Once you reach the line with "Starbucks quarterly revenue" below, copy each line exactly, stopping after the line with "Once you try", and skip any pictures.
*** Input material Section Begins ***
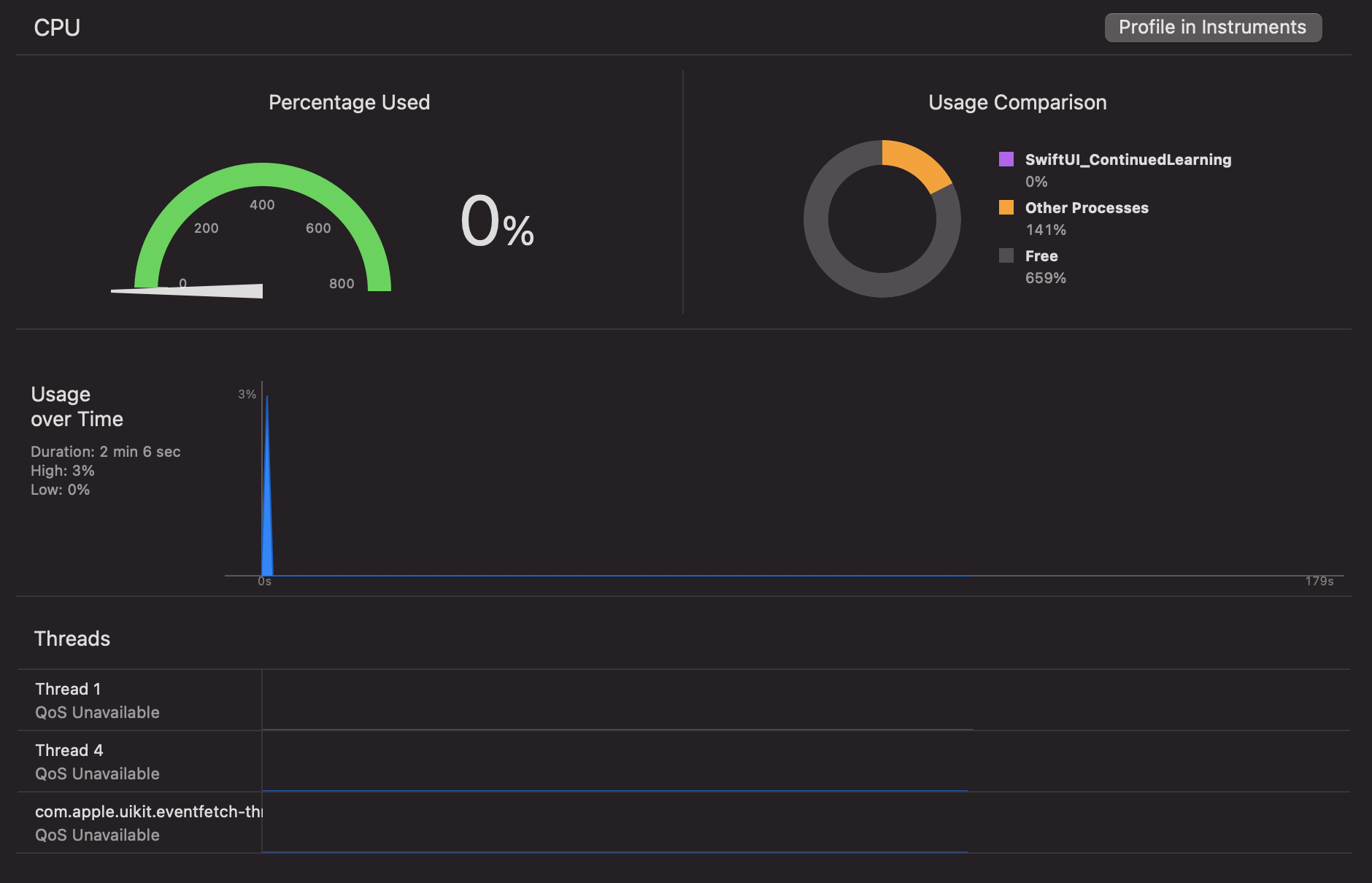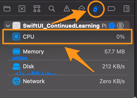 Percentage Used화면을 보면 지금은 0%로 나와 있지만 복잡하고 큰 데이터를 가지고 있는 앱을 구축하려면 반드시 이 CPU를 확인해야 합니다. 아래 막대가 빨간색이면 CPU가 높은지 확인해야 하죠. 만약 CPU가 높다면 이것을 해결할 수 있는 방법이 바로 Background Thread 또는 여러 Thread를 사용하는 것입니다.
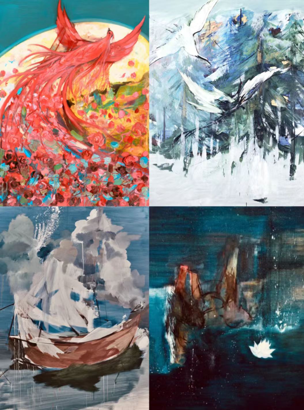 “涅槃凤影”艺术展以艺术家迟首飞最具代表性的《凤凰涅槃》系列画作为核心,呈现“浴火重生”的东方精神。作品以《凤凰涅槃》、《火凤》、《青鸾》、《彼岸花》、《松鹤图》、《白莲花》 《一叶菩提》等意象,将凤凰的炽烈与莲花的纯净、彼岸花的希望、松鹤的长青交织,一叶菩提的慈悲心展现给宾客,并传递“向死而生、生生不息”的深刻哲思, 也表达了“新生,希望及对美好未来的向往。
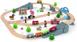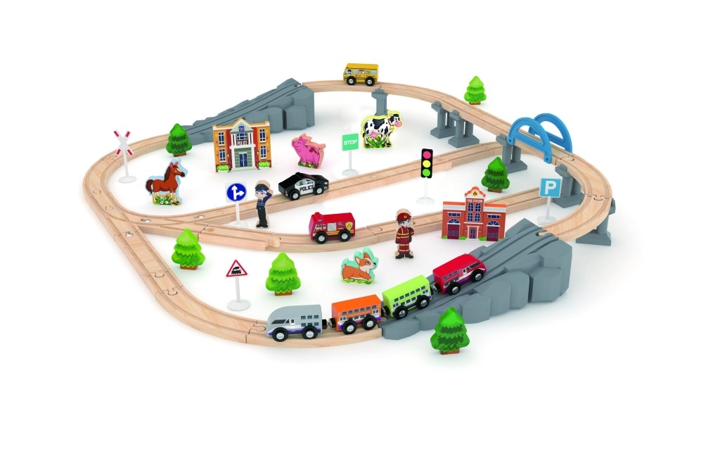 Deze houten treinbaan opent voor kinderen een wereld vol fantasie en ontdekking. Dankzij de eenvoudig te koppelen onderdelen kun je de baan snel opbouwen en naar wens variëren. De brug geeft de set een aantrekkelijk element dat elke rit bijzonder maakt en creatief bouwen stimuleert.
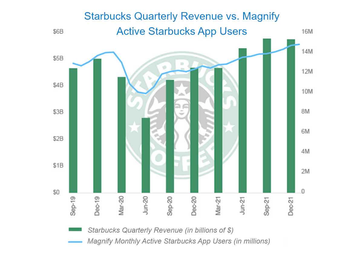 Starbucks quarterly revenue VS. Magnify active Starbucks app users.
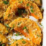 Once you try this delicious roasted butternut squash recipe you’ll be hooked! The crisp Panko bread crumbs and salty parmesan pair so well with the soft and buttery squash flesh, and the herbs and garlic just give it that extra boost of flavor through perfect roasting and rich ingredients. I think you could replicate this recipe with a spaghetti squash or acorn squash, too.
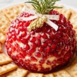 This festive Pomegranate Christmas Cheese Ball is a creamy, tangy, and colorful appetizer perfect for holiday gatherings. Made with a blend of cream cheese, butter, sharp white cheddar, garlic, and green onions, it’s coated in fresh pomegranate arils for a burst of sweetness and a decorative holiday touch. The cheese ball is garnished with a Rolo candy and rosemary to resemble a Christmas ornament, making it visually appealing and delicious served with crackers and veggie slices.
*** Input material Section Ends ***
• Answer section
 Starbucks quarterly revenue VS. Magnify active Starbucks app users.
 Once you try this delicious roasted butternut squash recipe you’ll be hooked! The crisp Panko bread crumbs and salty parmesan pair so well with the soft and buttery squash flesh, and the herbs and garlic just give it that extra boost of flavor through perfect roasting and rich ingredients. I think you could replicate this recipe with a spaghetti squash or acorn squash, too.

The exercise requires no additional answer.